*** Opening of Supplied records ***

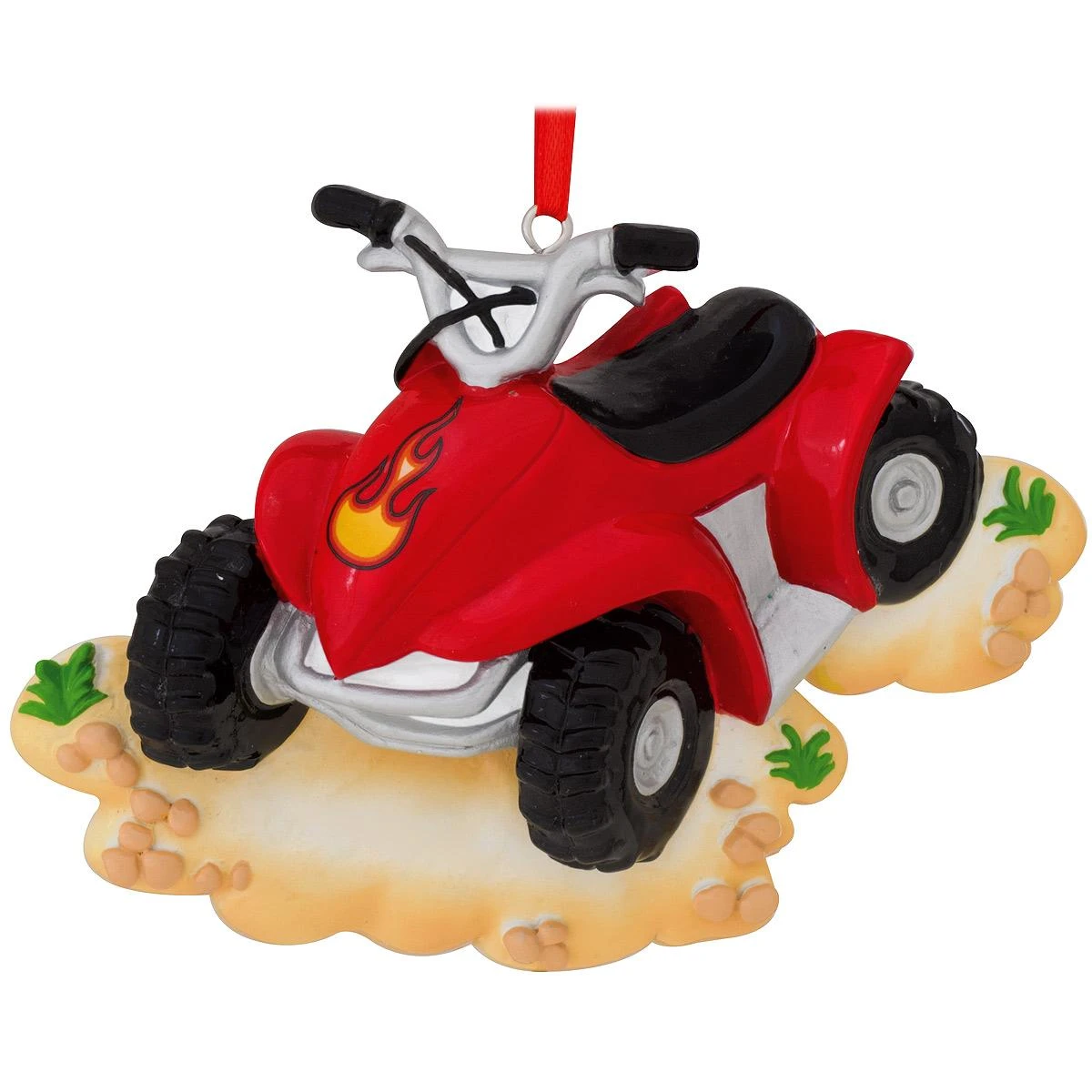 Mud, rocks, and tall grass are no match for this powerful quad! Artfully detailed in resin, our four wheeler ornament measures 3″ tall by 4″ wide and features a bright red paint job complete with yellow flames sure to ignite the passion of your ATV lover. Coming ready to hang with a red ribbon, this wheely cool keepsake can be personalized with the name of your choice by one of our talented Bronner’s artists with a black paint pen at no additional charge.
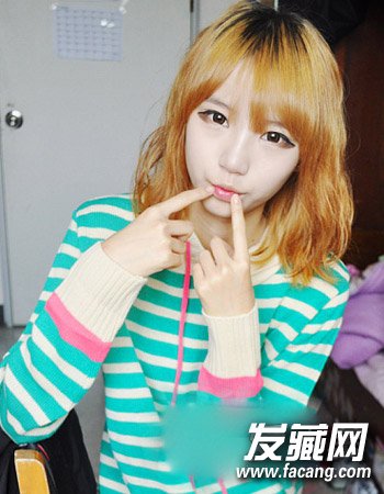 首先是橘黄色发色将时尚感带出来,简单的齐肩烫发随性自然不会显脸小,展现出个性的同果也十分修颜。
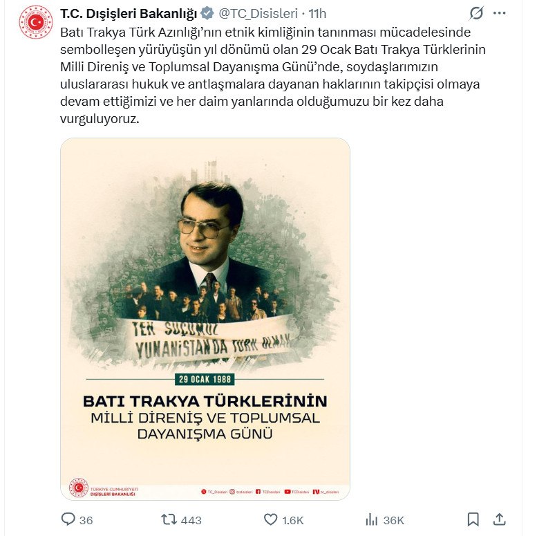 Το τουρκικό Υπουργείο Εξωτερικών με ανάρτηση στου στο «X» αναφέρει «στις 29 Ιανουαρίου, την επέτειο της πορείας που έχει συμβολίσει τον αγώνα για την αναγνώριση της εθνικής ταυτότητας της τουρκικής μειονότητας της Δυτικής Θράκης, την Ημέρα Εθνικής Αντίστασης και Κοινωνικής Αλληλεγγύης των Τούρκων της Δυτικής Θράκης, τονίζουμε για άλλη μια φορά ότι θα συνεχίσουμε να υποστηρίζουμε τα δικαιώματα των συμπατριωτών μας, τα οποία βασίζονται στο διεθνές δίκαιο και τις διεθνείς συμφωνίες, και ότι θα είμαστε πάντα στο πλευρό τους».
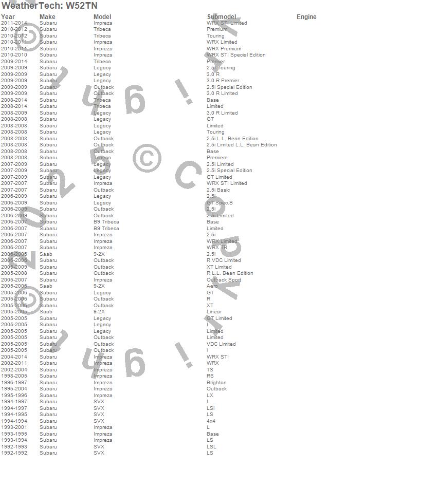 Below is an abbreviated list of applications for the All Weather Floor Mats.9-2X, B9 Tribeca, Impreza, Legacy, Outback, SVX, Tribeca, Saab, Subaru, 2014, 2013, 2012, 2011, 2010, 2009, 2008, 2007, 2006, 2005, 2004
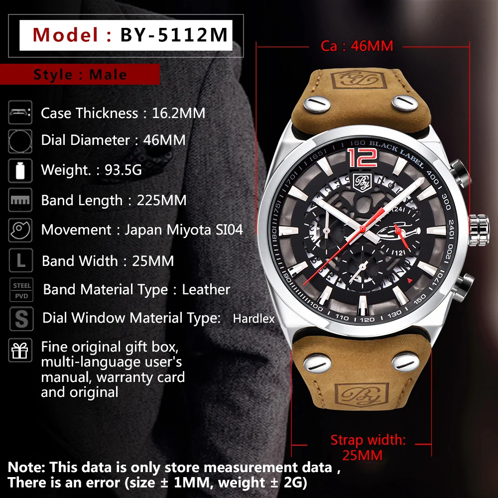 Product Name: BENYAR męskie zegarki Top luksusowy chronograf Sport męskie zegarki moda marka wodoodporny zegarek wojskowy Relogio Masculino BY 5112M

*** Close of Supplied records ***

§ **Your task**:
Copy word for word each line of the data above, from the first through the one containing "首先是橘黄色发色将时尚感带出", and include no pictures.

§ **Exercise solution**:
 Mud, rocks, and tall grass are no match for this powerful quad! Artfully detailed in resin, our four wheeler ornament measures 3″ tall by 4″ wide and features a bright red paint job complete with yellow flames sure to ignite the passion of your ATV lover. Coming ready to hang with a red ribbon, this wheely cool keepsake can be personalized with the name of your choice by one of our talented Bronner’s artists with a black paint pen at no additional charge.
 首先是橘黄色发色将时尚感带出来,简单的齐肩烫发随性自然不会显脸小,展现出个性的同果也十分修颜。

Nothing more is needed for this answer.